_To do:_ Among the entries below, which lines run from the line with "Got this beautiful" through the line with "Die Inszenierung führt"? Retype those, both ends included, exactly and without pictures.

_Dataset:_
--- --- ---
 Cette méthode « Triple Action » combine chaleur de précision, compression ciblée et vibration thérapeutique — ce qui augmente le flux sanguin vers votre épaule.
--- --- ---
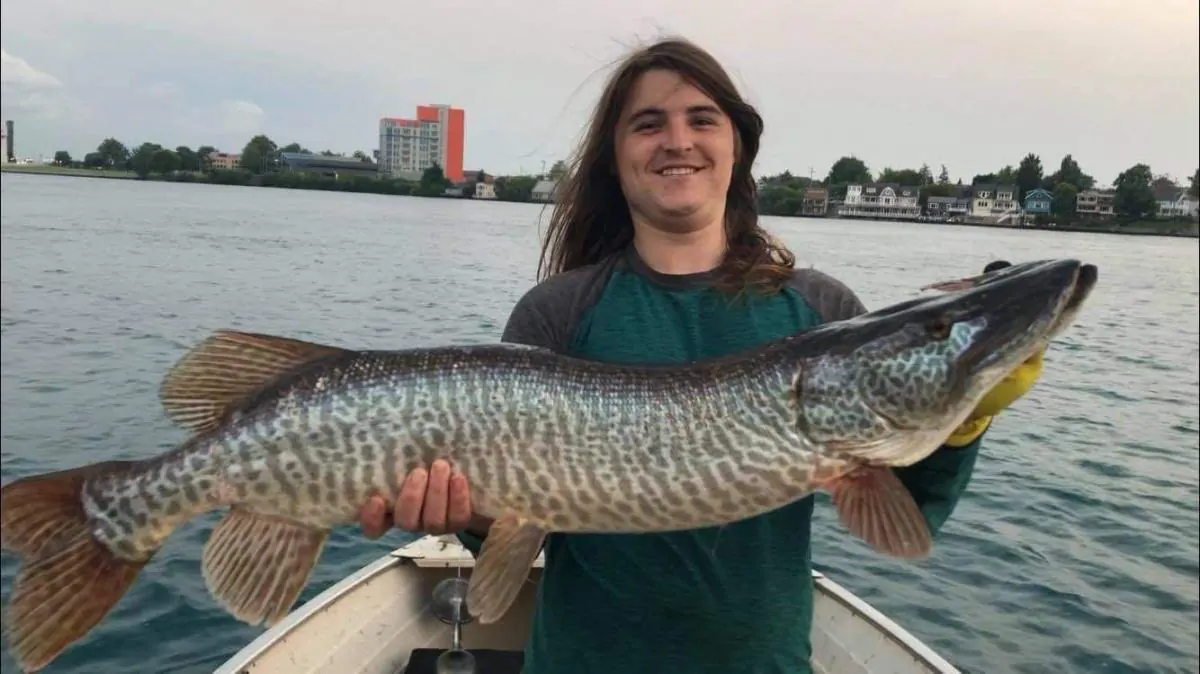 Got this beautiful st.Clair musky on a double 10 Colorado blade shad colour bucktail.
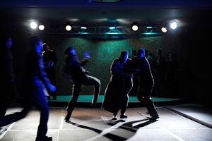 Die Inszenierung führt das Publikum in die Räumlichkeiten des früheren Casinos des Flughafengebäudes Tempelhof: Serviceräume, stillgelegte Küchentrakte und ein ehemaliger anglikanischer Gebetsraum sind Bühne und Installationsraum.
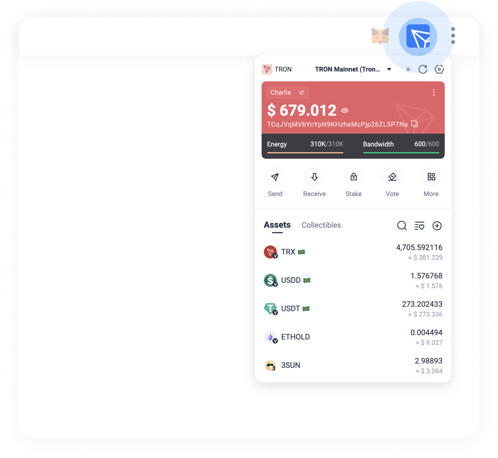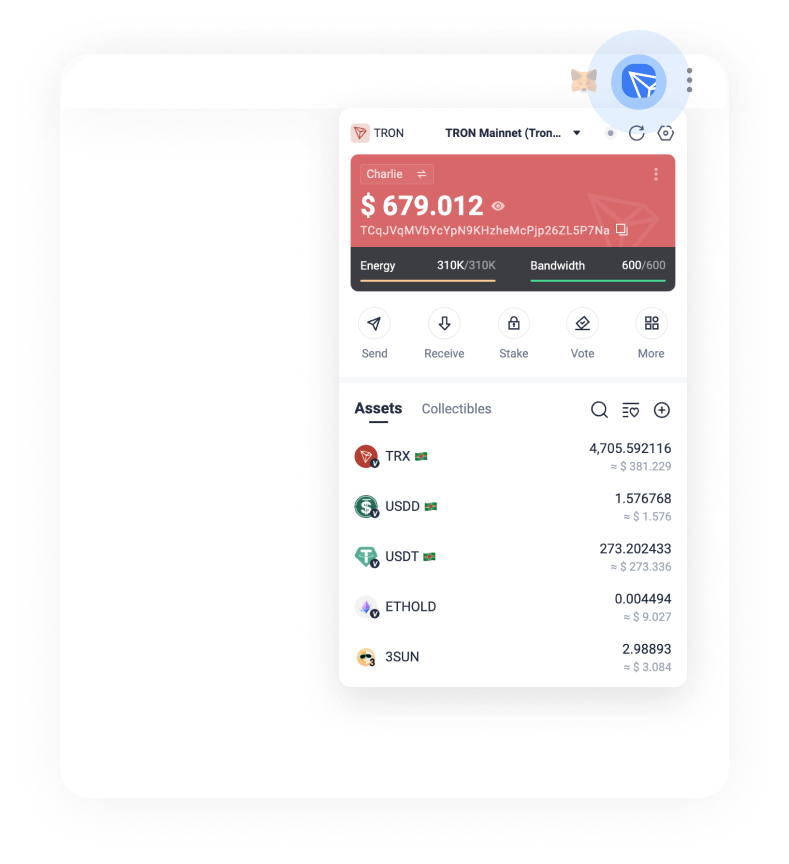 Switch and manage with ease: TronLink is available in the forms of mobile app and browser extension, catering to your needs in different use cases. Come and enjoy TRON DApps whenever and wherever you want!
--- --- ---
_Output of the exercise:_
 Got this beautiful st.Clair musky on a double 10 Colorado blade shad colour bucktail.
 Die Inszenierung führt das Publikum in die Räumlichkeiten des früheren Casinos des Flughafengebäudes Tempelhof: Serviceräume, stillgelegte Küchentrakte und ein ehemaliger anglikanischer Gebetsraum sind Bühne und Installationsraum.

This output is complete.